EXERCISE DIRECTIONS: Return the line that has "Koc polarowy z" and all lines below it through the last, exactly as they stand; omit pictures.

DATASET EXTRACT:
▬▬▬▬▬▬

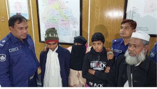 পড়াশুনার চাপে পালিয়ে যাওয়া মাদরাসার ছাত্র দুই ভাইকে মৌলভীবাজার জেলা পুলিশের সার্বিক সহযোগিতায় উদ্ধার করে ফিরিয়ে দিল মা-বাবার কাছে।রোববার (১৭ ডিসেম্বর) মৌলভীবাজার মডেল থানার অফিসার ইনচার্জ কে এম নজরুল ইসলাম এক সংবাদ বিজ্ঞপ্তি মাধ্যমে এ তথ্য নিশ্চিত করেন তারা হলেন, মৌলভীবাজার সদর উপজেলার একাটুনা ইউনিয়নের উলুয়াইল গ্রামের নাজমুল আহমদ চৌধুরীর ছেলে মোঃ শরীফুল ইসলাম চৌধুরী (১২) ও আরিফুল ইসলাম চৌধুরী রাহি (১৪)। জানা যায় তাদের মামাতো ভাই মোবেদুর রহমান গত ১০ সেপ্টেম্বর মৌলভীবাজার সদর মডেল থানায় একটি সাধারণ ডায়রী করেন। পরে তদন্ত অফিসার এসআই অঞ্জন চন্দ্র সরকার এর উপর দায়িত্ব অর্পন করা হয়। পুলিশ সুপার নির্দেশে ভিকটিম উদ্ধারের জন্য তদন্তকারী অফিসার এর অনুসন্ধান কার্যক্রম চলমানরত অবস্থায় এবং তৎপরতায় ভিকটিমকে ১৬ ডিসেম্বর সকাল ৭ টার সময় নিজ বাড়িতে চলে আসিলে। ভিকটিমদ্বয়ের মাতা আফতারুন বেগম (৪০) এবং মামা মোঃ আবুল কালাম (৫৫) দ্বয়ের সহায়তায় মৌলভীবাজার সদর মডেল থানায় আসিয়া হাজির হইলে, তাদেরবে জিজ্ঞাসাবাদ করলে তারা জানায়,শাহধরন হাফিজিয়া মাদরাসা ও কাজির বাজার মাদরাসায় তারা লেখা পড়া করত। পড়াশুনার চাপ সহ্য করিতে না পারিয়া পরস্পর তারা দুই ভাই আলোচনা করে গত ১০ সেপ্টেম্বর রাত ১০ টার দিকে শেরপুর বাসস্ট্যান্ড হইতে হানিফ বাস যোগে ঢাকায় চলে যায়। পরবর্তীতে ঢাকার টঙ্গী এলাকায় নিজেদের পরিচয় গোপন রেখে ভিকটিম আরিফুল ইসলাম চৌধুরী রাহি (১৪) কাপড়ের ফ্যাক্টরীতে এবং মোঃ শরীফুল ইসলাম চৌধুরী (১২) সাবানের ফ্যাক্টরীতে কাজ নেয়।পুলিশের তৎপরতা জানতে পেরে তারা নিজেরাই চলে আসে।
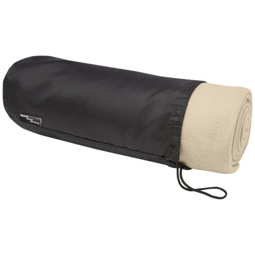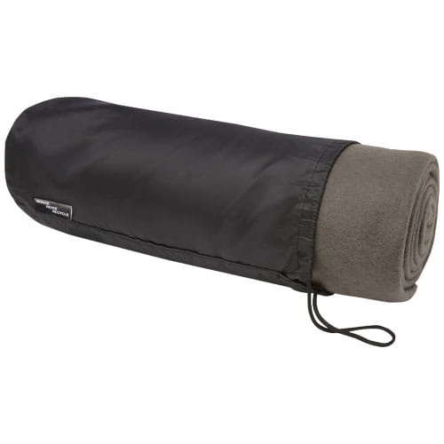 Koc polarowy z plastiku z recyklingu nadaje się do użytku w domu i na zewnątrz. W komplecie z torbą z plastiku 190T z recyklingu z zamknięciem na sznurek. Pakowane w torebkę z polietylenu pochodzącego z recyklingu. Wymiary torby: długość 34 cm, średnica 13 cm.
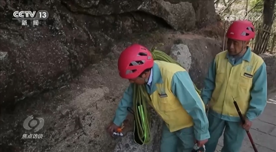 李培生:“放繩索是我們的本職工作,我們要把本職工作做好,不管哪里有垃圾,放得再長(zhǎng)、再險(xiǎn)的地方,我們只要看到垃圾,就必須去撿起來,我們要把黃山保護(hù)好?!?/p>
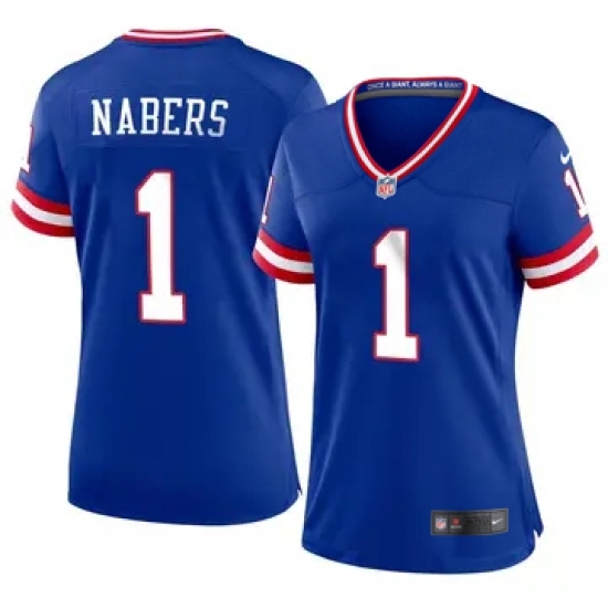 >Women New York Giants #1 Malik Nabers Royal 2024 F U S E Throwback Limited Stitched Jersey

▬▬▬▬▬▬

OUTPUT OF THE EXERCISE:
 Koc polarowy z plastiku z recyklingu nadaje się do użytku w domu i na zewnątrz. W komplecie z torbą z plastiku 190T z recyklingu z zamknięciem na sznurek. Pakowane w torebkę z polietylenu pochodzącego z recyklingu. Wymiary torby: długość 34 cm, średnica 13 cm.
 李培生:“放繩索是我們的本職工作,我們要把本職工作做好,不管哪里有垃圾,放得再長(zhǎng)、再險(xiǎn)的地方,我們只要看到垃圾,就必須去撿起來,我們要把黃山保護(hù)好?!?/p>
 >Women New York Giants #1 Malik Nabers Royal 2024 F U S E Throwback Limited Stitched Jersey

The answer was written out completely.